The interplay between corporate identity and textual meaning is particularly pronounced in the contemporary streaming landscape. Lobato and Lotz (2021) have argued that we need to rethink our understanding of competition in subscription video-on-demand (SVOD) services. SVOD competition is so often discursively understood through the narrow prism of ‘the streaming wars’, where it is assumed that each service is competing against each other with the singular goal of having the most subscribers. However, if we take a closer look at the landscape, we can see a diverse range of commercial motivations at play: Caricatures of competition—for example, narratives of Netflix ‘displacing’ the BBC, or a battle royale between American tech giants such as Amazon, Netflix and Apple—are misleading. While services vie for the time, attention, and sometimes payment of viewers in their target markets, the metrics that really count in each category of funding are distinct, and not a zero-sum dynamic. (Lobato and Lotz, 2021: 97)

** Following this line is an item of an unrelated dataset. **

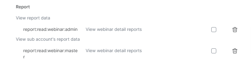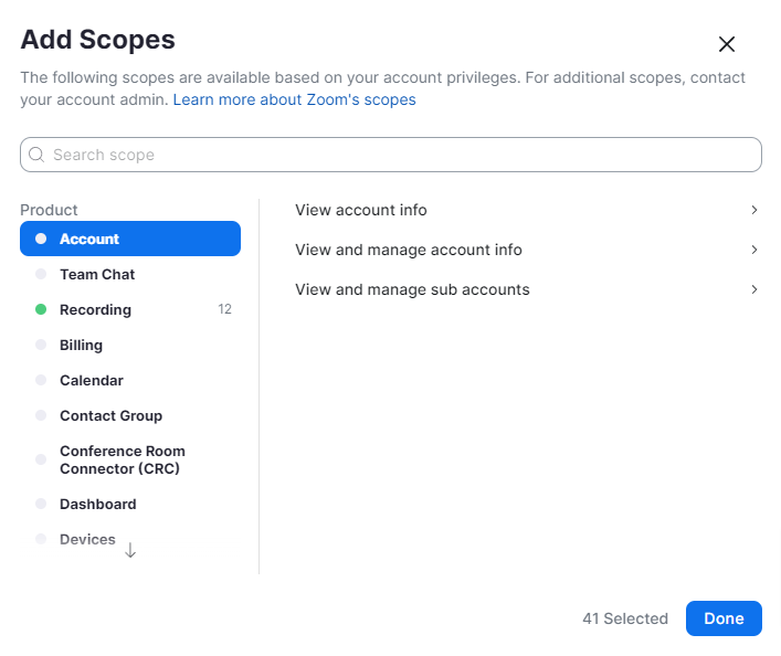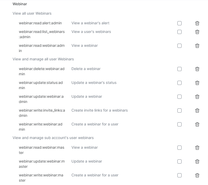 Note: Not adding any of the below permissions may result in permission issue error notices when trying to create your meeting/webinars.

Lobato and Lotz argue that we can draw a distinction between at least three categories of video service: Those where video is the primary or only activity (Netflix), those where video forms a part of a wider set of media activities (Disney+, Stan) and those where video activities are secondary to the larger business objectives of the parent company (Apple, Amazon, and Google/Alphabet). Lobato and Lotz, 2021: 97)
This article is interested in the final category that Lobato and Lotz have described. The value of Apple TV+ and Amazon Prime to their parent companies is somewhat indirect and their viability is not purely defined by their ability to generate revenue. They provide benefits to other business objectives like, in the case of Apple TV+, data collection and expanding hardware sales. This supportive role that Apple TV+ plays in a much larger commercial structure then raises questions about the programming the platform is producing. Specifically, how might the platform’s original programming support the broader Apple corporate structure?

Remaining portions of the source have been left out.